About DPPH∙ scavenging, Bu-L had lowest total antioxidant activity compared to the others (308.67 ± 2.64 µmTEq/g Extract), but this value was not significantly different from Bu-A (p>0.05), indicating the preservation of this property in the atomized extract without wall materials. All microencapsulated extracts had higher TAA than the unencapsulated samples, indicating that the addition of encapsulating agents increased the ability of the extract to scavenge DPPH∙ radicals. This result may be justified by the fact that the wall materials used are described in the literature as antioxidants or secondary antioxidants, capable of interacting with different types of radicals, each with different intensities and through different mechanisms (Moseley et al. 2002; Moseley et al. 2003; Fan et al. 2014; Wathoni et al. 2019; Sun et al. 2020; Ma et al. 2016; López-Ncolás et al. 2014). In this sense, these agents, together with the compounds present in Bu-L, may have contributed to the scavenging of DPPH∙ radicals.
Bu-MD11, Bu-βCD, and Bu-Pec were the most active samples, with no statistically significant difference between the first three and the last two microparticles (p>0.05). The best results obtained for the samples prepared with MD11-14, βCD, and NaCMC may be related to the higher encapsulation efficiency determined for these extracts (Mahdavi et al. 2016; Labuschagne, 2018), which, due to this property, were able to preserve inside the particles the phenolic compounds proposed to be involved in the scavenging of DPPH∙ radicals.

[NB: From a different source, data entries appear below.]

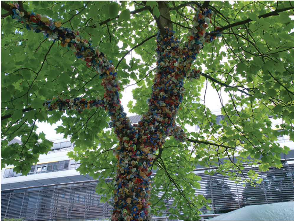
Figure 1.5 Dummy tree ( Liriodendron tulipifera ), to help children wean off their pacifiers.
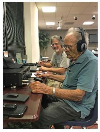
Working the phone station
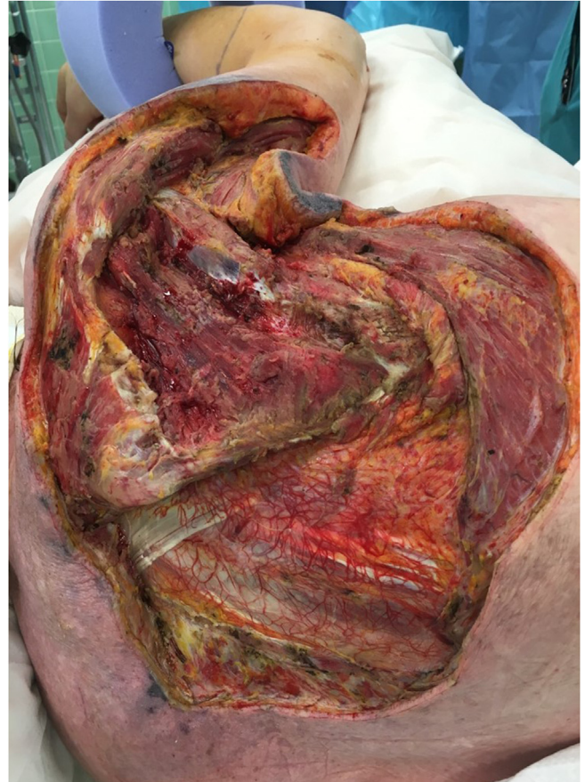
Fig. 2. Healthy wound margins were obtained after a second debridement, and the patient stabilized subsequently.

Nine days after admission she was transferred by air ambulance to a hospital in Vancouver to be nearer her family. Ceftriaxone was stopped after fourteen days of total therapy. She underwent extensive skin grafting, and is receiving treatment for her CLL/lymphocytic lymphoma currently.
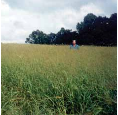
Forage planting at 90 days

Be patient - it takes much longer to establish a stand of NWSG than it takes to establish a stand of cool season grasses. What may look like a weed patch in the first growing season can be a good stand. If in doubt, ask your DC, a Fish & Wildlife Resources biologist, or your seed producer.
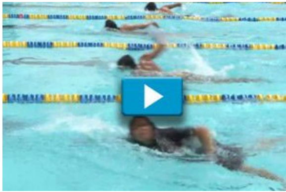
Highlighting P.E. Video
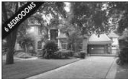
NORTHGATE FOREST | 3007 Pine Lake Trail $635,000 / MLS# 75359448 / 5918 SqFt Custom with quarters / Huge kitchen / Gated Driveway / Pool / new 50 YR metal roof
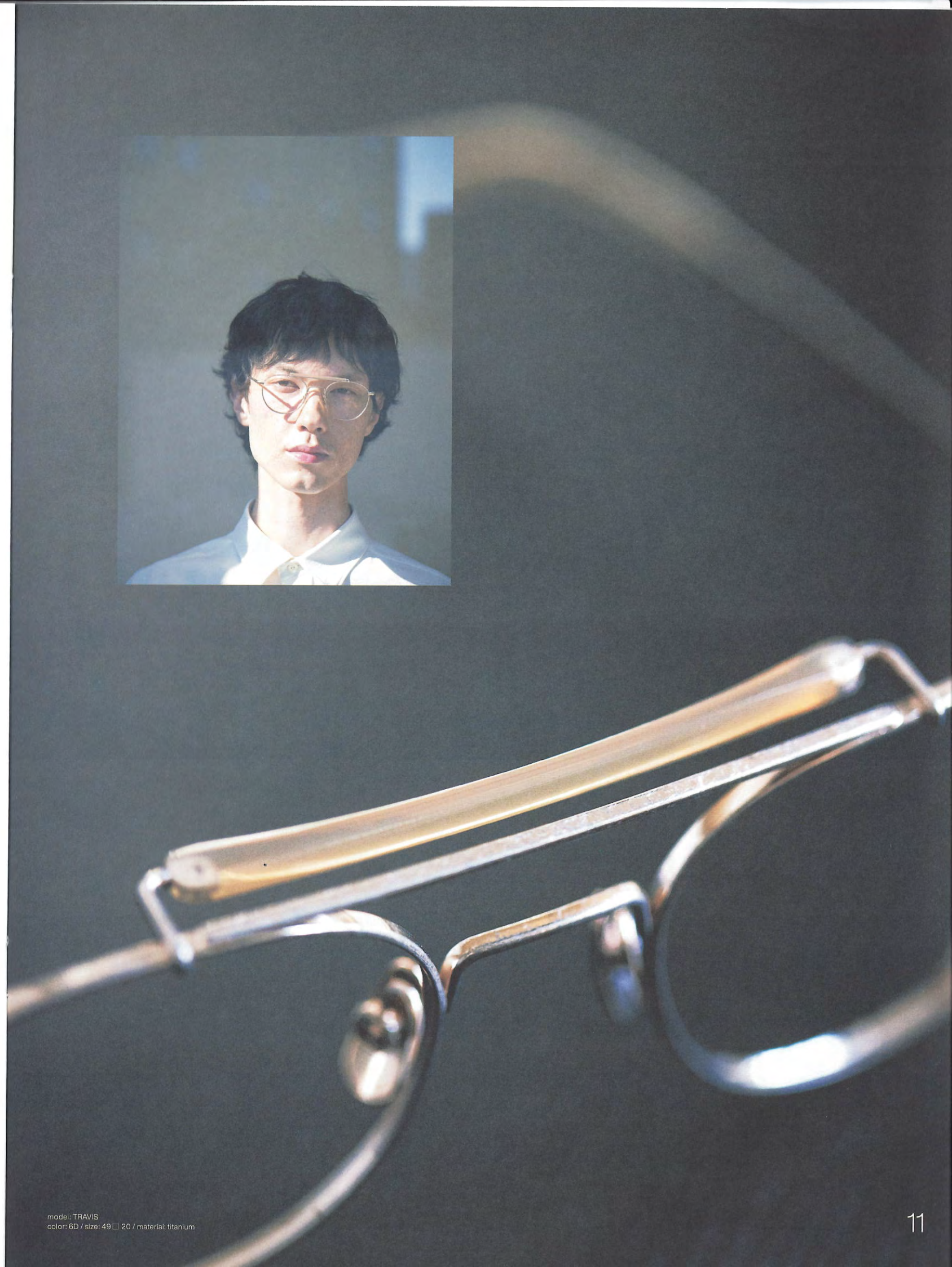
model: TRAVIS color: 6D / size: 49 □ 20 / material: titanium

In terms of ABTS·+ radical scavenging, Bu-CMC and Bu-Pec were the most active, showing that the use of NaCMC and Pec increased the TAA of these samples concerning the others. Contrary to what was expected, these microparticles presented the lowest TPC, an unusual result since phenolic compounds have been positively correlated with the antioxidant capacity of plant extracts by different analytical methods (Melo et al. 2011; Augusto et al. 2014; Bratu et al. 2018). However, it is important to note that this correlation is not always observed. For example, in the work of Rivero-Pérez et al. (2007), which consisted of the analysis of 321 wine samples, many of those with a high content of phenolic compounds showed low values of total antioxidant capacity. It was suggested that this result could be justified by the fact that the antioxidant capacity of wine is more related to the type of phenolic compounds present in wines than to their total content. According to the authors, this property is due to the flavonoids present in the beverage, especially tannins and anthocyanins, and the samples tested contain low levels of these compounds due to their method of preparation, which affects their antioxidant activity.

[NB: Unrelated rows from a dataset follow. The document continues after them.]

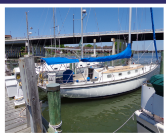
1978 Bristol 40' $35,500
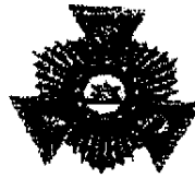
Alpha Phi Omega Service Sorority
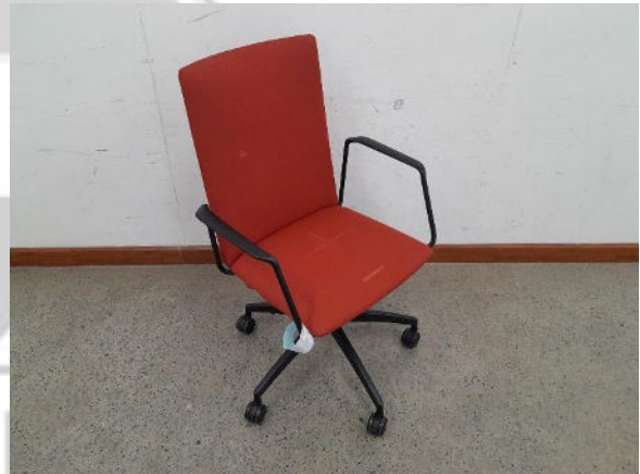
Overall View - After Test
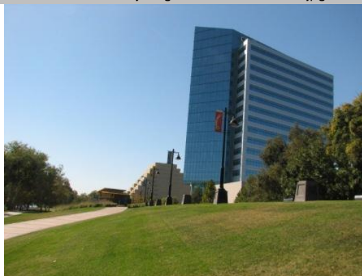
Landscaping and buildings are on the crown and waterside levee. Fall 2013
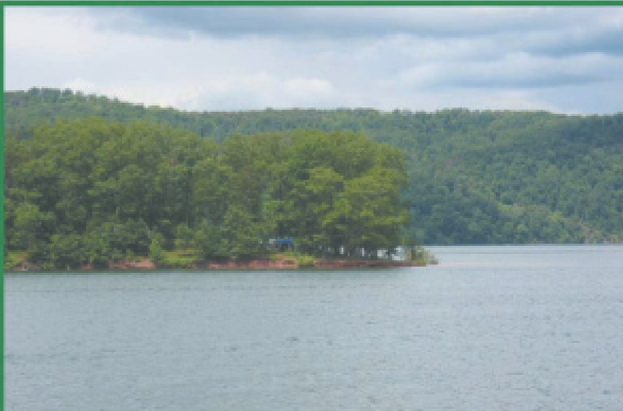
Raystown Lake: An 8,000-Acre Lake in Central Pennsylvania

19 Key Vulnerabilities can be identified based on a number of criteria in the literature, including magnitude, timing, persistence/reversibility, the potential for adaptation, distributional aspects, likelihood and 'importance' of the impacts.
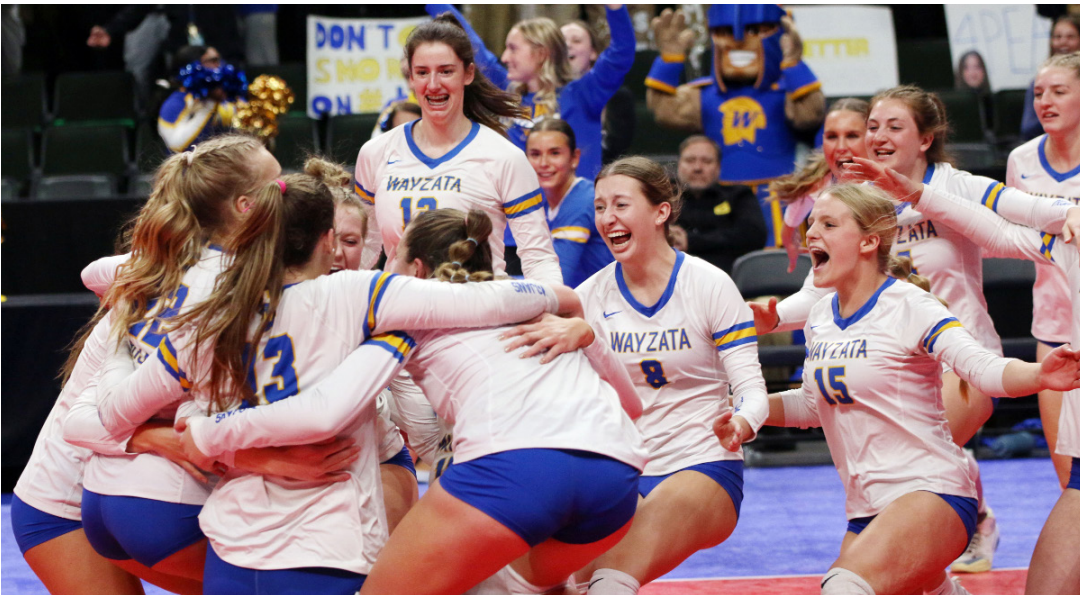
MN Volleyball News
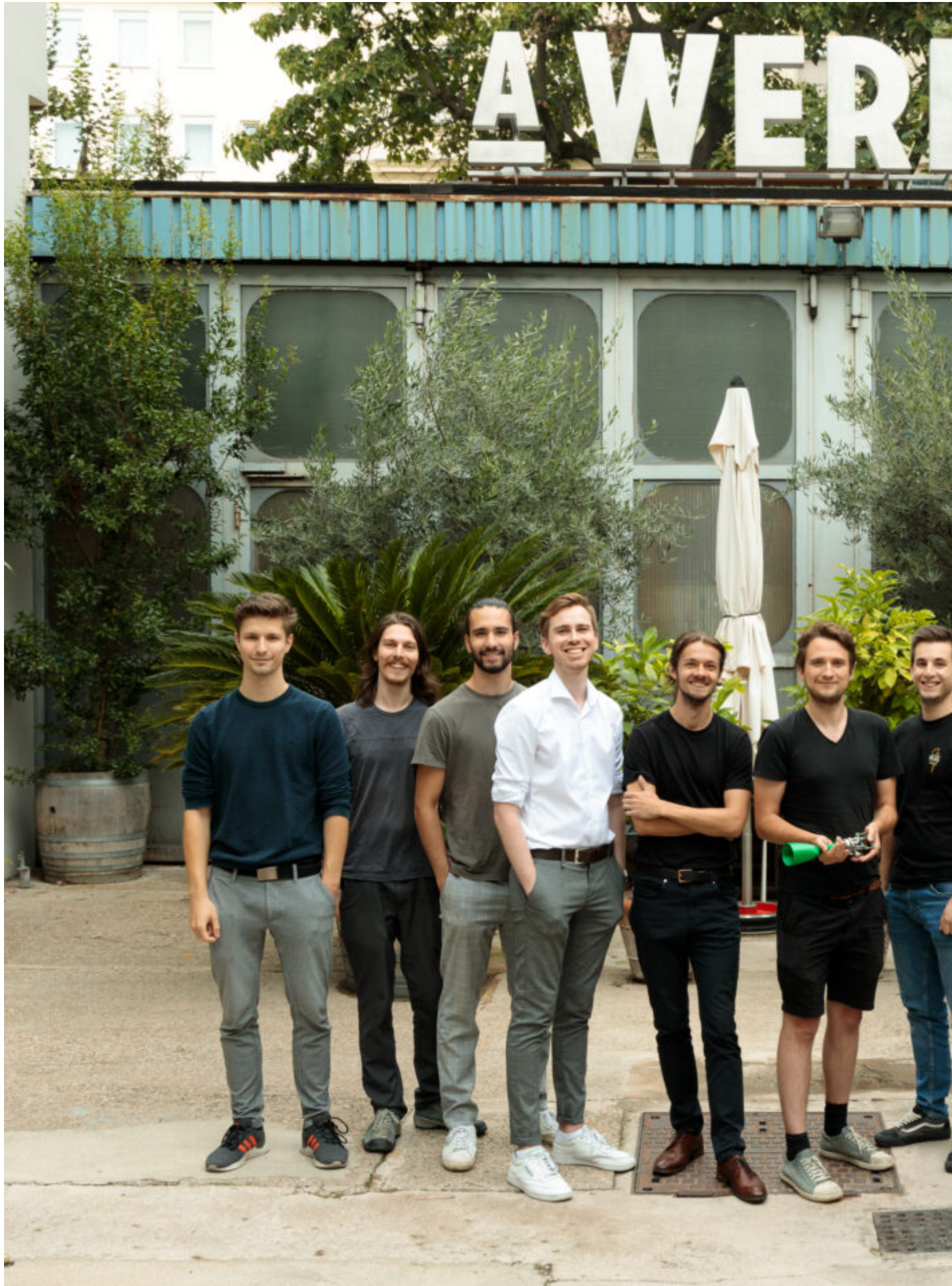
Team GATE Space
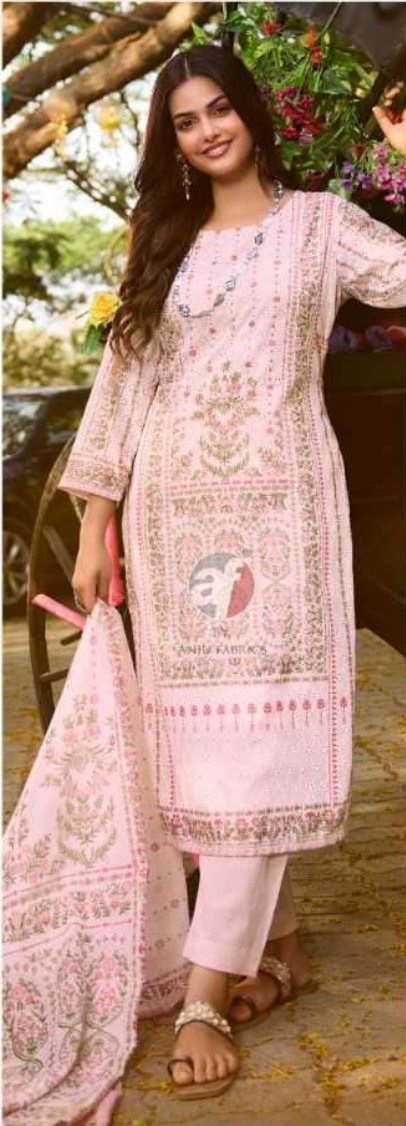
D.no.3724 Flairs VOL-3
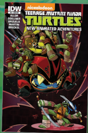
Subscription Cover Art by Jon Sommariva
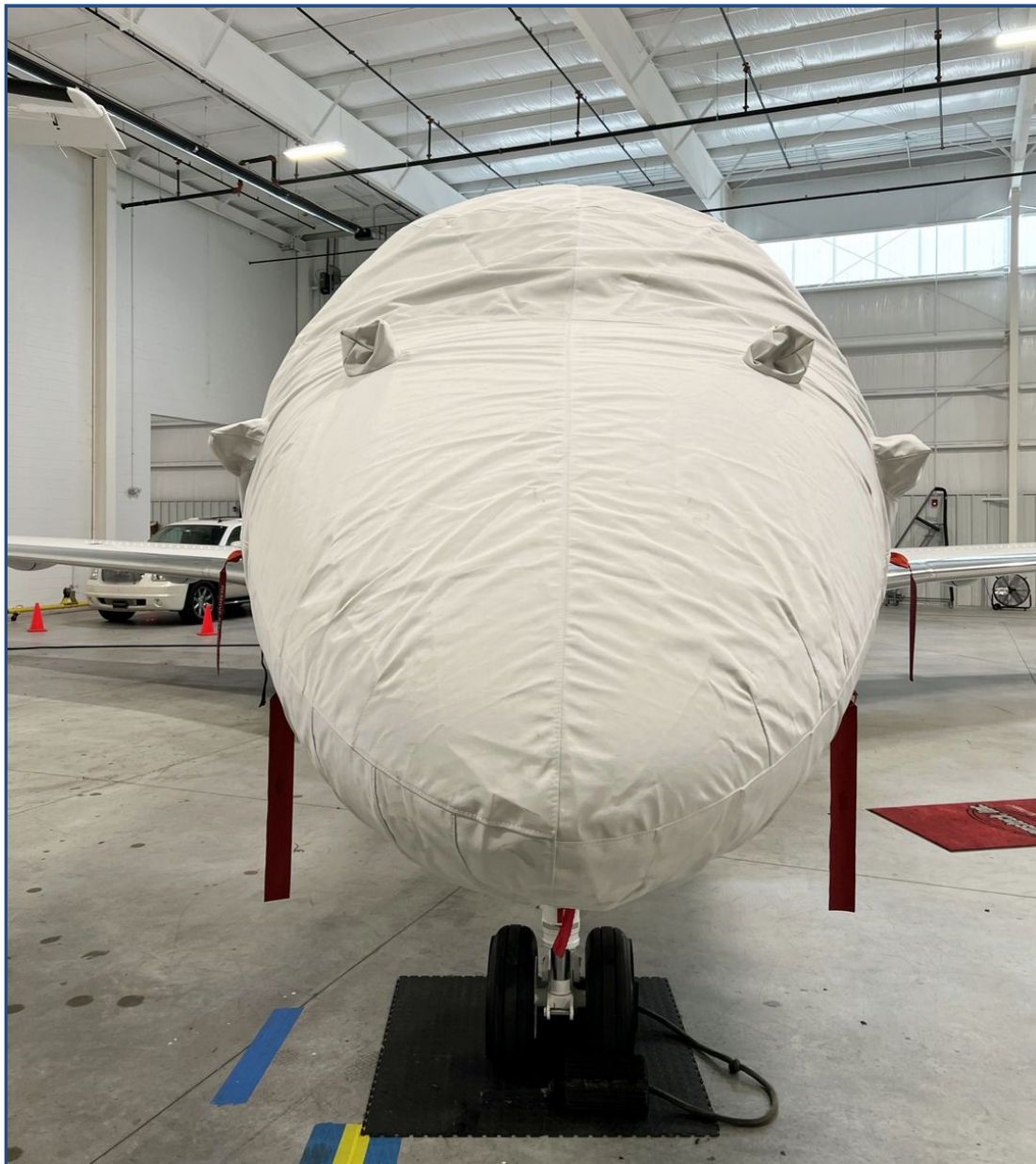
Embraer Legacy 500, (EMB-550) Cockpit/Nose Cover

Similarly, Bu-CMC and Bu-Pec, despite having the lowest TPC values, contain high TFC, which leads to the understanding that their higher AAT may be mainly related to the flavonoids present in these samples. As reviewed by Rice-Evans et al. (1996), flavonoids are electron/H+ donors due to the reduction of several hydroxyl groups present in their structure, which is directly related to the antioxidant activity of these phenolics. In addition, among the structural characteristics that contribute to the action of flavonoids as antioxidants are the presence of the catechol or dihydroxy structure in the B ring, the presence of a double bond in the C ring between carbons C2-C3, in conjugation with the ketone function in C4, and the presence of hydroxyl groups in C3 and C5. These factors allow the stability of the molecule since they favor an extensive delocalization of electrons in the aromatic nuclei, different from that observed in other phenolic compounds, such as phenolic acids derived from hydroxybenzoic or hydroxycinnamic acids. These structural characteristics of the flavonoids could explain the observed result.

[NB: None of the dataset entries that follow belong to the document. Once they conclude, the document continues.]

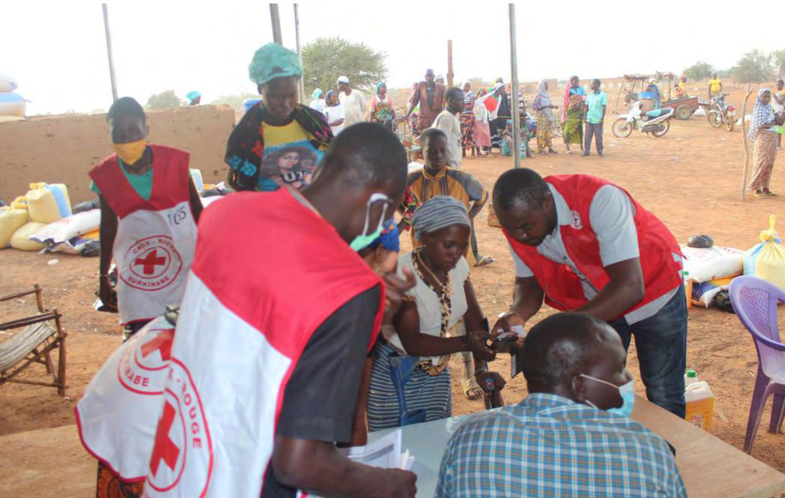
Volunteers of the Burkinabe Red Cross Society assisting internally displaced households through cash transfers

As part of wider Movement support, the International Committee of the Red Cross (ICRC) is committed to the Burkinabe Red Cross Society through support for crisis and disaster response, capacity building for staff, volunteers and committees and Restoring Family Links (RFL)
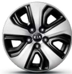
5. Alloy wheel kit 16" 16" five-spoke alloy wheel with full wheel cover, 6.5Jx16, suitable for 205/60 R16 tyres. Kit includes a cap and five nuts. G5F40AK000
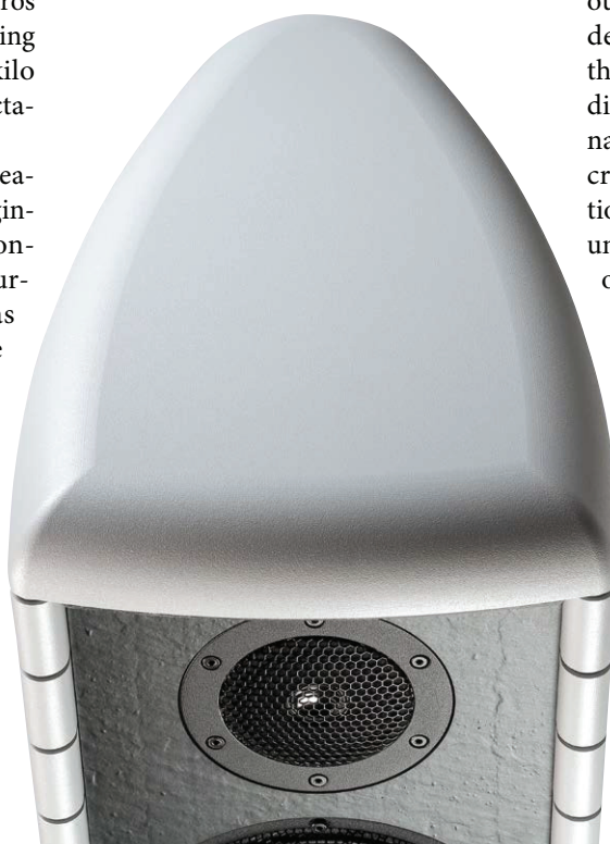
◀ The multifaceted, extremely rigid and low-resonance cabinet of the DARC 100 is also pleasing from above.

As virtually no oscillation-energy migrates into the cabinet, the speaker has a particularly precise take on natural dynamics. Already at low volumes, even the finest level differences are audible, and previously barely perceptible details are rendered exceptionally clear-cut. Should there be something like cabinet-related distortions, they were apparently eliminated entirely. These hardly measurable crossover- or chassis-associated distortions make you want to turn up the volume, as the speaker never softens the bass or annoys in the midrange and treble. More examples of the exquisite ingredients contributing to the speaker's qualities are the 20-millimeter tweeter driver with diamond-diaphragm, costing an extra 4000 euros per unit, compared to the ceramic version, and the custom-built ceramic drivers. A specially damped 17mm chassis is responsible for the midrange. Thanks to the neodymium magnet
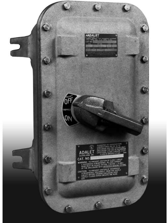
Optional XCBH 2-2 handle shown; standard handle is XBO.
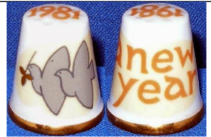
'New Year 1981' with doves
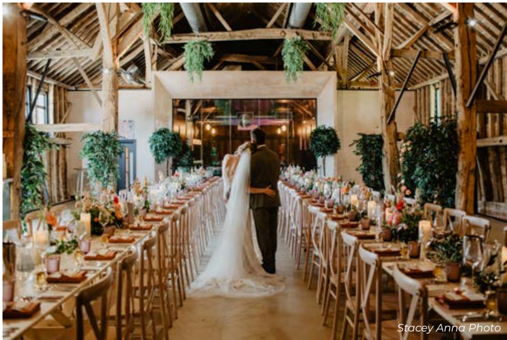
Stacey Anna Photo

Microparticles obtained with NaCMC and Pec showed better antioxidant activity, even with low TPC such data allowed to conclude that the phenolic compounds, present in lower amounts in these samples, are non-flavonoids. Based on these results, it is possible to affirm that among the microencapsulated extracts, Bu-CMC and Bu-Pec proved to be worthwhile antioxidants. This characterization reinforces the antioxidant potential of the genus and suggests that this variety of B. ungulata can be employed as a natural antioxidant. As a plant popularly used as a hypoglycemic agent, this activity becomes even more important, since oxidative stress resulting from the generation of free radicals in diabetes is related to the development of secondary complications in patients with the disease, arousing interest in new therapeutic options that, in addition to acting as hypoglycemic agents, are capable of protecting the body from the action of these radicals (Azevedo and Manso, 1992; Rocha et al. 2006).
Since the presence of phenolic compounds in the samples was known, HPLC was used to characterize and quantify these substances. Bu-A and all microencapsulated extracts showed peaks corresponding to those observed in Bu-L, indicating that the drying process and the encapsulating agents used did not produce detectable qualitative changes, preserving phenolic compounds that may be related to the antidiabetic activity attributed to the species (Remígio, 2023). This result is important because it confirms the application of the spray-drying technique in the drying of thermosensitive materials (Agnihotri et al. 2012), since even using a high inlet temperature (150 °C) in the atomization of Bu-A and microencapsulated extracts, these phenolic compounds were preserved. This is possible due to the rapid contact between the drying chamber and the sample during aspersion, since the microparticle produced is subsequently stored in a collector with temperatures lower than the outlet temperature, avoiding thermal degradation of the product (Sosnik and Seremeta, 2015).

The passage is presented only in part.